Dream is a member of the "Dream Team", along with fellow YouTubers Sapnap and GeorgeNotFound. The group frequently collaborate to create new content. Dream also had a friendly rivalry with fellow Minecraft YouTuber Technoblade before his death, as they each had a contested recognition for the title of "best Minecraft player."

===2019–present: Minecraft Manhunt, Dream SMP and collaborations===

Dream's most popular YouTube series is "Minecraft Manhunt", a format where one player — usually Dream — attempts to complete a speedrun of Minecraft, while another player or team of players (the "hunters") attempts to kill the runner or thwart their progress. The first video in the series, titled "Beating Minecraft But My Friend Tries to Stop Me", was published on December 26, 2019. Further videos were published in the following years, featuring incrementally greater numbers of hunters. The final episode of the series was published on February 26, 2022. Many of the Minecraft Manhunt videos received tens of millions of views, with one of them ranking sixth in YouTube's Top Trending Videos of 2020. As of April 2025, the most-viewed in Dream's Minecraft Manhunt series has 135 million views.
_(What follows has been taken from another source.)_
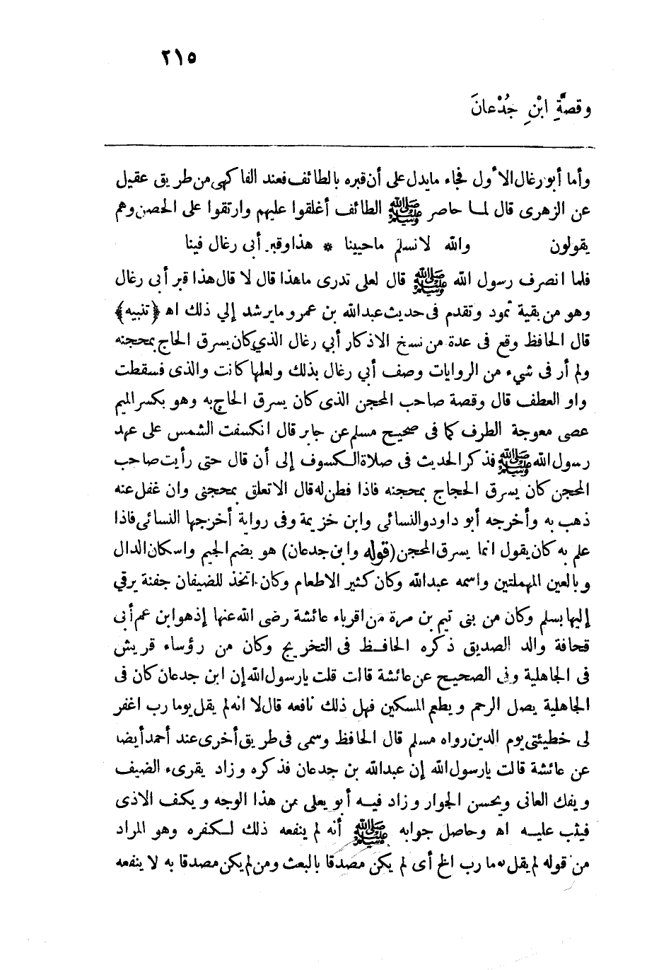 شيء من الروايات وصف أبي رغال بذلك ولعلها كانت والذي فسقطت واو العطف قال وقصة صاحب المحجن الذي كان يسرق الحاج به وهو بكسر الميم عصى معوجة الطرف كما في صحيح مسلم عن جابر قال انكسفت الشمس على عهد رسول الله - صلى الله عليه وسلم - فذكر الحديث في صلاة الكسوف إلى أن قال حتى رأيت صاحب المحجن كان يسرق الحجاج بمحجنه فإذا فطن له قال إلا تعلق بمحجني وإن غفل عنه ذهب به وأخرجه أبو داود والنسائي وابن خزيمة وفي رواية أخرجها النسائي فإذا علم به كان يقول إنما يسرق المحجن قوله: (وابْنِ جدْعانَ) هو بضم الجيم وإسكان الدال وبالعين المهملتين واسمه عبد الله وكان كثير الإطعام وكان اتخذ للضيفان جفنة يرقى إليها بسلم وكان من بني تيم بن مرة من أقرباء عائشة رضي الله عنها إذ هو ابن عم أبي قحافة والد الصديق ذكره الحافظ في التخريج وكان من رؤساء قريش في الجاهلية وفي الصحيح عن عائشة قالت قلت يا رسول الله إن ابن جدعان كان في الجاهلية يصل الرحم ويطعم المسكين فهل ذلك نافعه قال لا إنه لم يقل بها رب اغفر لي خطيئتي يوم الدين رواه مسلم قال الحافظ وسمي في طريق أخرى عند أحمد أيضًا عن عائشة قالت يا رسول الله إن عبيد الله بن جدعان فذكره وزاد يقرئ الضيف ويفك العاني ويحسن الجوار وزاد فيه أبو يعلى من هذا الوجه ويكف الأذى فيثب عليه اهـ، وحاصل جوابه - صلى الله عليه وسلم - أنه لم ينفعه ذلك لكفره وهو المراد من قوله لم يقل يومًا رب الخ. أي لم يكن مصدقًا بالبعث ومن لم يكن مصدقًا به لا ينفعه
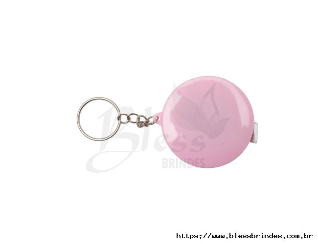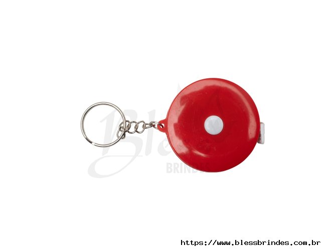 Fita métrica de 1,50 metro em plástico redondo, frente lisa e verso com botão (trava). Acompanha chaveiro.

The series has received positive acclaim. Urian B. wrote in Tech Times that Minecraft Manhunt "requires not only mastery of the terrain but also the ability to think fast on your feet while different choices present themselves with only milliseconds of time for decision making. This is something that Dream is good at, split second decision making." Nicolas Perez from Paste described Minecraft Manhunt as "an experience that leaves me slack-jawed every time", stating that the format of Minecraft Manhunt "seems to guarantee the hunters come out on top. But more often than not, Dream pulls just enough aces out of his sleeve to narrowly beat the hunters, and eventually the game." Gonzalo Cardona, writing for Ginx TV, noted that Minecraft Manhunt had "inspired cult-like montages by fans." Nathan Grayson, writing for Kotaku, said that Minecraft Manhunt had turned Dream "into a household name among Minecraft fans."

In April 2020, shortly after the release of Minecraft snapshot 20w17a, Dream and GeorgeNotFound created the Dream SMP, a private Survival Multiplayer (SMP) Minecraft server. Over time, other prominent Minecraft content creators outside of the "Dream Team" were invited to the server, including TommyInnit, Technoblade, and Wilbur Soot.

Throughout 2020, Dream was a prominent participant in MC Championship, a monthly Minecraft competition organized by Noxcrew. He won both the 8th and 11th MC Championships. In September 2020, during the 10th MC Championship, he played for charity and raised around $3,400.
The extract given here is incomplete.